In southwestern US forests, the combined impact of climate change and increased fuel loads due to more than a century of human‐caused fire exclusion is leading to larger and more severe wildfires. Restoring frequent fire to dry conifer forests can mitigate high‐severity fire risk, but the effects of these treatments on the vegetation composition and structure under projected climate change remain uncertain.
We used a forest landscape model to assess the impact of thinning and prescribed burns in dry conifer forests across an elevation gradient, encompassing low‐elevation pinyon‐juniper woodlands, mid‐elevation ponderosa pine and high‐elevation mixed‐conifer forests.
Our results demonstrated that the treatments decreased the probability of high‐severity fires by 42% in the study area. At low elevation, the treatments did not prevent loss in forest cover and biomass with decreases in Pinus edulis and Juniperus monosperma abundances. At mid‐elevation, changes in fire effects maintained a greater diversity of tree species by favouring the maintenance of cohorts of old trees, in particular Pinus ponderosa which accumulated 5.41 Mg ha−1 more above‐ground biomass than without treatments by late‐century. Treatments in dry conifer forests modified fire effects beyond the treated area, resulting in increased cover and biomass of old Picea englemannii and Abies lasiocarpa cohorts.

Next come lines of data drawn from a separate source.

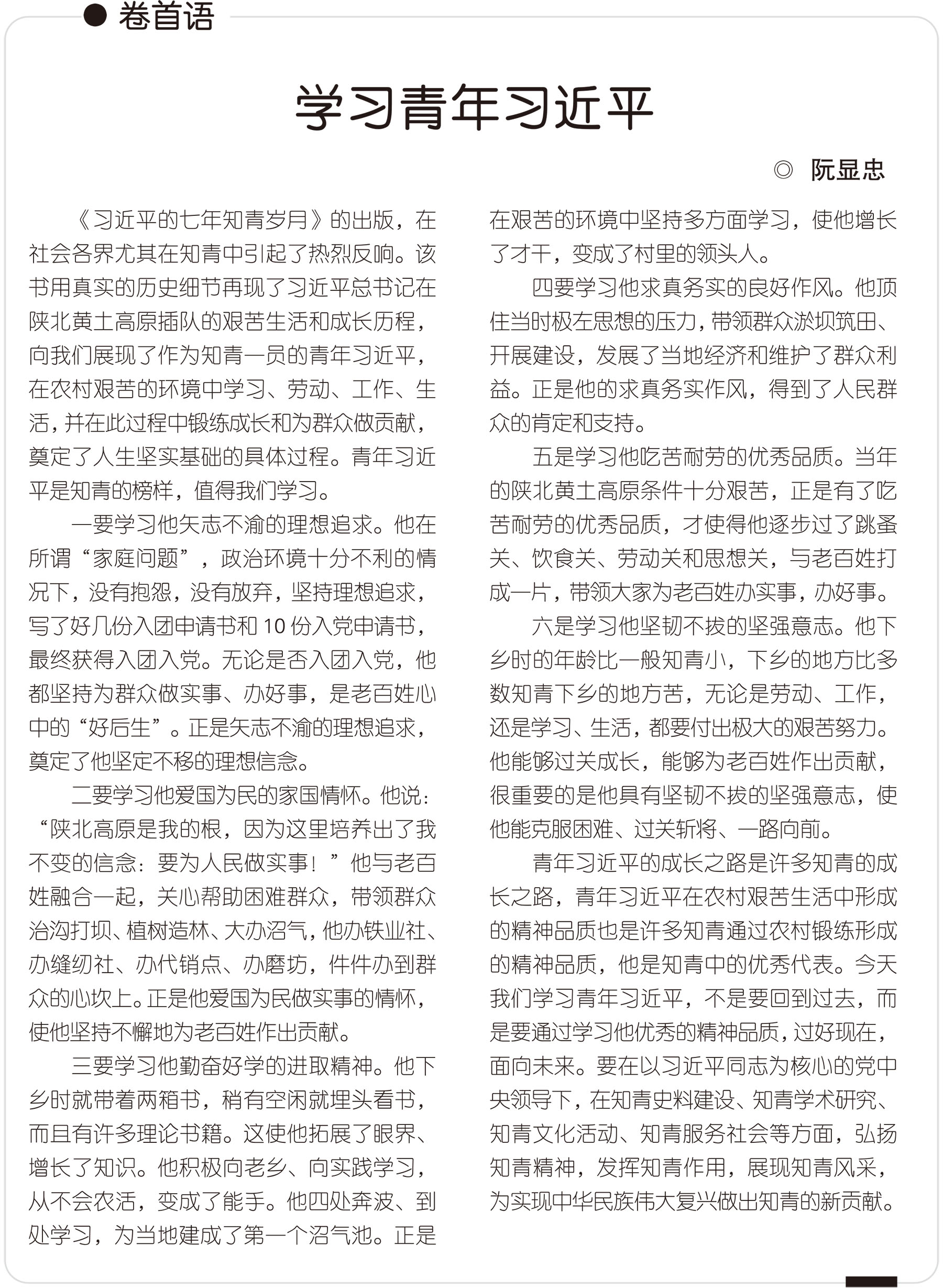 第1节 卷首语 学习青年习近平
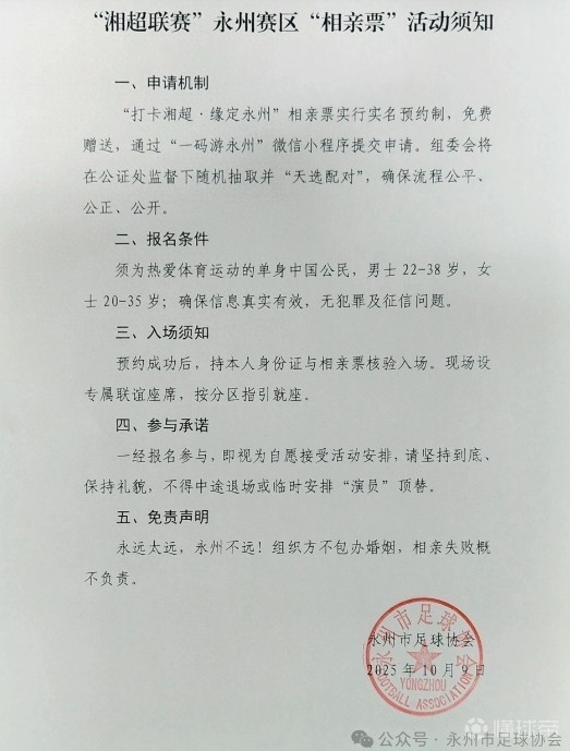 九派新闻观察到,永州市足球协会发布的“湘超联赛”永州赛区“相亲票”活动指南显示——相亲票采用实名预约制度,免费发放,参与者需通过“一码游永州”微信小程序提交申请。组委会将在公证处的监督下进行随机抽取,并实施“天选配对”机制,以确保整个流程的公平性、公正性和公开性。活动指南还明确指出,一旦报名参与,即视为自愿接受活动安排,参与者需全程参与,保持礼貌,不得中途退场或临时安排他人顶替。
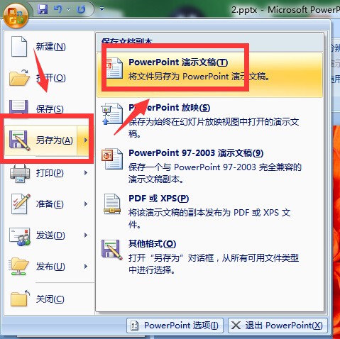 点击左上角的office图标,选择“另存为”,再选择“PowerPoint演示文稿”,保存出来的ppt就是嵌入了音乐的单个文件了,直接发给别人使用即可。
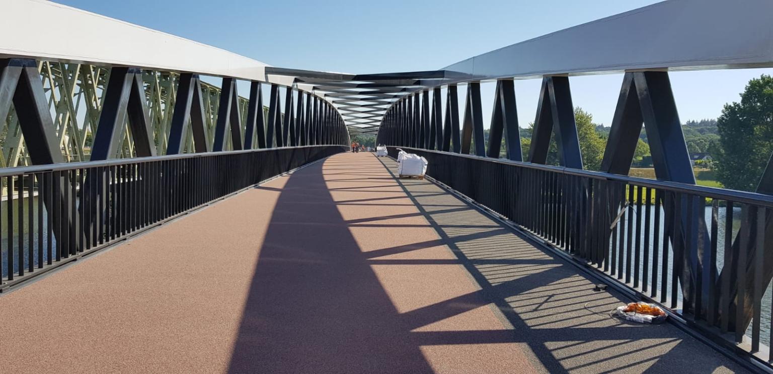 Om gemakkelijk en snel op en neer te kunnen fietsen van Cuijk naar Nijmegen, wordt een snelle fietsroute aangelegd, het MaasWaalpad. Een essentieel onderdeel van deze route is een fiets-, tevens wandelbrug over de Maas. Op de stalen hoofdoverspanning van de fietsbrug werkt VLAQ Groep op dit moment met de VS 120 Epoxy slijtlaag. Totaal ca. 880 m2 . De betonnen aanbruggen van deze brug worden ook nog voorzien van een slijtlaag. Veilig naar de overkant!

Synthesis and applications: Our findings indicate that thinning and prescribed burning can enhance tree species diversity in dry conifer forests by protecting old cohorts from stand‐replacing fires. Moreover, our results suggest that treatments mainly implemented in dry pine forests with high risk of high‐severity fires can be beneficial for subalpine species conservation by reducing the chance that high‐severity fire at mid‐elevation is transmitted into high‐elevation forest.